Remember that after the death of Osama bin Laden in 2011, Ayman al-Zawahiri took over the leadership of al-Qaeda.


 On the other hand, the Taliban spokesman in Afghanistan has also said that the United States launched a drone attack in Sherpur, a residential area of ​​Kabul, on Sunday.


 In his tweet, Zabihullah Mujahid said that initially the nature of the incident was not known, then the investigation by the security and intelligence agencies revealed that it was a drone attack.


 In his statement, he called it a "clear violation" of international norms and the Doha Agreement.


 The Taliban spokesman described it as repeating the failed experiments of the past 20 years and said that such actions are against the interests of the United States, Afghanistan and the region.


 Ayman al-Zawahiri was the ideological brain of al-Qaeda.


 Ayman al-Zawahiri is an Egyptian doctor who was imprisoned in the 1980s for joining militant Islam.  After his release, he left the country and joined violent international jihadist movements.

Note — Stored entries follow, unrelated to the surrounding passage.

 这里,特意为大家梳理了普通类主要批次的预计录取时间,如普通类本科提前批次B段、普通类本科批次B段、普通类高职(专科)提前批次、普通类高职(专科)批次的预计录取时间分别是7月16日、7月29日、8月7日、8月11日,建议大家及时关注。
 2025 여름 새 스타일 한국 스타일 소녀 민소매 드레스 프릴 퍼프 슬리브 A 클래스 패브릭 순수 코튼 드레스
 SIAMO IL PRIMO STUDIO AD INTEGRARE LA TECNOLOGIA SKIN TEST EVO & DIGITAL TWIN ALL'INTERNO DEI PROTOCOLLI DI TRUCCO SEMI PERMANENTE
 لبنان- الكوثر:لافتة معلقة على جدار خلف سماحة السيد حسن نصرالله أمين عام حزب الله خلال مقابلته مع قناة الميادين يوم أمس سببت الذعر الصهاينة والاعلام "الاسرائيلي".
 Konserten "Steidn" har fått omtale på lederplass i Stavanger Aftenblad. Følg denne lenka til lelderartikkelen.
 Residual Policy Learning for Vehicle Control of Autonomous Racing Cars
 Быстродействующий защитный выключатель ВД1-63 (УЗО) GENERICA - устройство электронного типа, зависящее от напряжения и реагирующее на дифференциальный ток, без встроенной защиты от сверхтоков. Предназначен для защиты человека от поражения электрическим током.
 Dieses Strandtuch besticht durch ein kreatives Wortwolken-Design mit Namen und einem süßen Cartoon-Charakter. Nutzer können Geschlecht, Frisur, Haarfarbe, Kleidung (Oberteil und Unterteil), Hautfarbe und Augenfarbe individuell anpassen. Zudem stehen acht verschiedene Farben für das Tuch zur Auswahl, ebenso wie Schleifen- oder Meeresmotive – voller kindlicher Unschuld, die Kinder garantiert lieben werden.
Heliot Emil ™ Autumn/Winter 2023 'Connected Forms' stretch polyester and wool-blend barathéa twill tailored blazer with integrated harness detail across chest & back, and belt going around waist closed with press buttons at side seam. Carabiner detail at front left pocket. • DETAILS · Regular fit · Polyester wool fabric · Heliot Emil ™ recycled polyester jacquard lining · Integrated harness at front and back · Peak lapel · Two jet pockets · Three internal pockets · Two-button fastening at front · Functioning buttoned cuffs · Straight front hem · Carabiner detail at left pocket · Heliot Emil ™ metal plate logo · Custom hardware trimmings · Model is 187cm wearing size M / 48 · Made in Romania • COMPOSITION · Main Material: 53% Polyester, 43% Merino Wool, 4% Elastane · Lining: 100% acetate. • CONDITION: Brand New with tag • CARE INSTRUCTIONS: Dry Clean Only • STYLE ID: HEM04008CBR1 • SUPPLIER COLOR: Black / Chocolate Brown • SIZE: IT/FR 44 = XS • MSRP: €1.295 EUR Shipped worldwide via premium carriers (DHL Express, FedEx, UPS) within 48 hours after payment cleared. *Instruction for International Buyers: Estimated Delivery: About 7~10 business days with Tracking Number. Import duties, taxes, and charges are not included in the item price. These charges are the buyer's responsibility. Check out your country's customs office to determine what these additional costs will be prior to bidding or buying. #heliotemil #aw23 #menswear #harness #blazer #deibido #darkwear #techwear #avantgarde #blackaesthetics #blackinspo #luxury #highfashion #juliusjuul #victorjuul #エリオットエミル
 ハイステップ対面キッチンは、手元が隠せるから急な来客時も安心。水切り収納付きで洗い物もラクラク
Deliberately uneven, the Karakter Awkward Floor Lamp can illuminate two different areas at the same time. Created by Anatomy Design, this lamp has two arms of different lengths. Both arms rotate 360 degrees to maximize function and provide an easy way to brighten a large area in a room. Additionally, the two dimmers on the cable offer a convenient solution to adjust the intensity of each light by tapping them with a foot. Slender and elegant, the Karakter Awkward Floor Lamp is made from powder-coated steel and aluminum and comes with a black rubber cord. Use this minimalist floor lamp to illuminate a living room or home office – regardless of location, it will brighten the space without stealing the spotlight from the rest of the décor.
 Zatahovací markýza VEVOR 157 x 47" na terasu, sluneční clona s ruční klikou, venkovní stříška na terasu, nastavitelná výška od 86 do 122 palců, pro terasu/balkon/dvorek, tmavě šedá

 Eventually he settled in Afghanistan and joined the group of Osama bin Laden, a wealthy Saudi citizen.  Together, they declared war on the United States and planned the September 11, 2001 attacks


It took the US more than a decade to track down and kill bin Laden.  

After him, Ayman al-Zawahiri took over the leadership of al-Qaeda, but he remained a reclusive and modest figure who only issued occasional messages.


 The U.S. will herald his death as a victory, especially after pulling out of Afghanistan last year, but al-Zawahiri's influence has remained relatively modest as new groups and movements like the Islamic State have become increasingly influential.  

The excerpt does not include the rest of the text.